In March 2022, the settlement was occupied by Russian forces. On 3 October 2022, Russian forces fled allowing Ukrainian authorities to subsequently regain control of the settlement during the Kharkiv counteroffensive.

On 26 January 2024, a new law entered into force in Ukraine which abolished the status of urban-type settlement, so that Borova became a rural settlement. By 16 May 2026, Russian forces, claimed control over the village and gained territory around.

==Economy==
===Transportation===
The distance to Kharkiv by rail is 193 km, and by road – 165 km. The central bus station links villages and cities via the P-78 and P-79 roads. Borova is on the P-79 road which connects Krasnohrad via Izium with Kupiansk and further crosses into Russia.

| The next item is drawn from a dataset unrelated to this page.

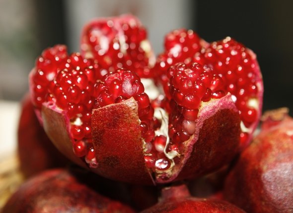 У спелого граната есть угловатые, слегка впалые бока. Также кожура должна быть жёсткой и даже подсушенной, а вес спелого плода всегда тяжёлый для своего внешнего вида.

There are local roads as well.

Borova railway station is on the railway connecting Izium and Sloviansk with Kupiansk where it has further access to Kharkiv and to Valuyki and Liski in Russia.

=== Production ===
- Borovskaya District Printing House, a municipal enterprise
- Borovskaya Food Flavoring Factory.
- Borovskaya Foodstuffs Plant, LLC.
- Borovskaya Inter-Farm Feed Mill, LLC.
- Borovskaya Dairy Plant, CJSC.
- Borovskaya Grain Elevator.
- There are several health camps around the village.

== Social sphere ==
- Borovskaya Gymnasium
- School
- Music School
- Pioneer House
- District Community Center
- District Library
- Children's Library
- District Sports Complex
- Palace of Culture

==Demographics==
As of the Ukrainian census in 2001, Borova had a population of 6,806 inhabitants. The native language composition was as follows:

== Attractions ==
- Near the village is the Popovye Mogila burial mound.
- The village is home to a mass grave containing the remains of fallen defenders of Borova during the Great Patriotic War of 1941–1945.
- A monument to natives of the district, Heroes of the Soviet Union Yegor Iosifovich Shutko and Vasily Stepanovich Kolesnik, has been erected in Borovaya.

== Notable people ==
- Yegor Iosifovich Shutko (Hero of the Soviet Union)
- Vasily Stepanovich Kolesnik (Hero of the Soviet Union)
- Irina Viktorovna Sokolova (pianist, Honored Worker of Culture of the Russian Federation)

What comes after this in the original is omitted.